What the exercise asks: What you return should be every line below, word for word, and none of the images.
== Data provided
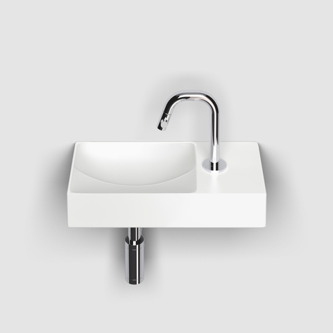 Le trou de robinet à droite est idéal si votre installation de conduites s’y trouve déjà ou si vous souhaitez créer délibérément un aménagement pratique dans lequel le robinet ne gêne pas le passage. Cela réduit le risque de chocs et de projections d’eau et garantit un mouvement logique et ergonomique lors du lavage des mains. Grâce à son format compact, vous pouvez utiliser cette fontaine parfaitement dans des toilettes étroites ou à côté d’une porte. Elle convient pour un montage mural et se combine parfaitement avec un robinet de lavabo élégant en chrome, en noir ou en métal brossé, vous permettant de prolonger facilement le style souhaité dans vos toilettes ou votre salle de bains.
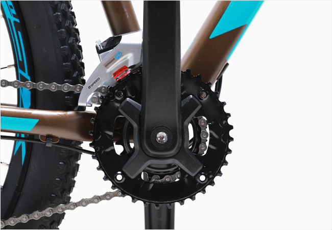 2장의 체인링이 적용된 크랭크는 변속트러블을 완화하며 안정감있는 체인링의 Tooth 구조는 온로드 환경은 물론 거친환경에서 보다 안정적인 동력전달성능을 발휘합니다.
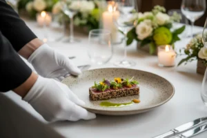 Servicio de eventos personalizado para ocasiones especiales con menús exquisitos, ingredientes frescos y presentación impecable para garantizar una experiencia culinaria inigualable.
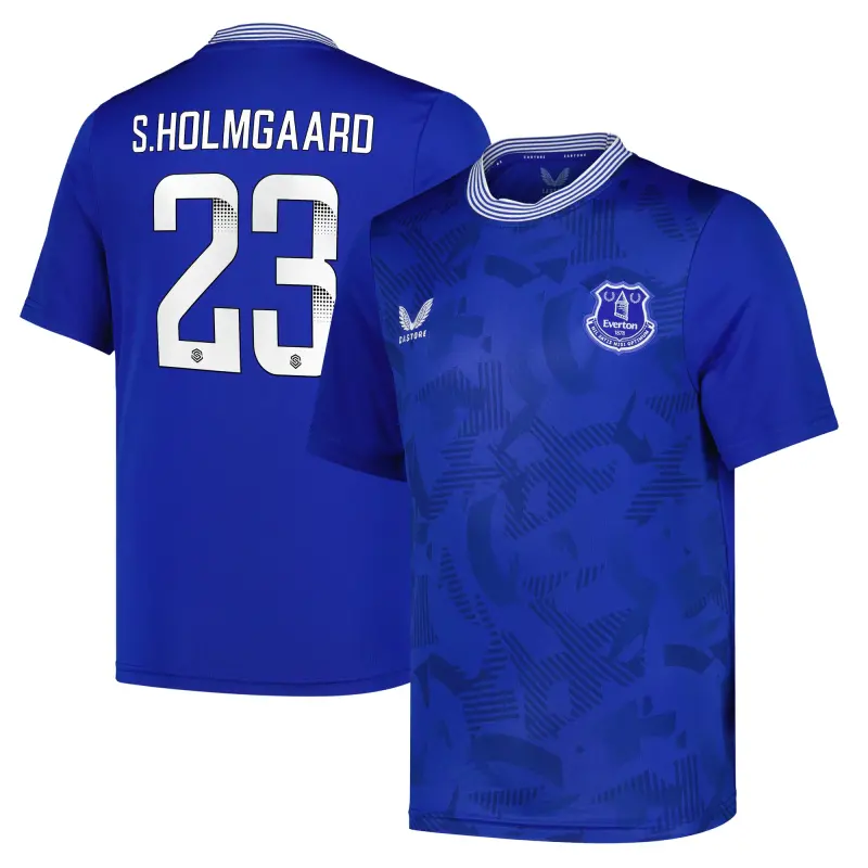 Stand with the Blues through the 2024-25 season as a proud Everton supporter with the official kit from Castore. The home kit draws inspiration from the club’s historic kits, one of the most recognizable designs English in football, while upholding the team’s traditional aesthetic. The Home shirt is ideal for wearing on or off the pitch, giving great comfort without compromising on the classic team details. The tonal print on the front body deconstructs Everton’s original shield crest and incorporates intertwined lettering from the 1920s and following decades, drawing on Everton’s proud history.
====
Solution for this task:
 Le trou de robinet à droite est idéal si votre installation de conduites s’y trouve déjà ou si vous souhaitez créer délibérément un aménagement pratique dans lequel le robinet ne gêne pas le passage. Cela réduit le risque de chocs et de projections d’eau et garantit un mouvement logique et ergonomique lors du lavage des mains. Grâce à son format compact, vous pouvez utiliser cette fontaine parfaitement dans des toilettes étroites ou à côté d’une porte. Elle convient pour un montage mural et se combine parfaitement avec un robinet de lavabo élégant en chrome, en noir ou en métal brossé, vous permettant de prolonger facilement le style souhaité dans vos toilettes ou votre salle de bains.
 2장의 체인링이 적용된 크랭크는 변속트러블을 완화하며 안정감있는 체인링의 Tooth 구조는 온로드 환경은 물론 거친환경에서 보다 안정적인 동력전달성능을 발휘합니다.
 Servicio de eventos personalizado para ocasiones especiales con menús exquisitos, ingredientes frescos y presentación impecable para garantizar una experiencia culinaria inigualable.
 Stand with the Blues through the 2024-25 season as a proud Everton supporter with the official kit from Castore. The home kit draws inspiration from the club’s historic kits, one of the most recognizable designs English in football, while upholding the team’s traditional aesthetic. The Home shirt is ideal for wearing on or off the pitch, giving great comfort without compromising on the classic team details. The tonal print on the front body deconstructs Everton’s original shield crest and incorporates intertwined lettering from the 1920s and following decades, drawing on Everton’s proud history.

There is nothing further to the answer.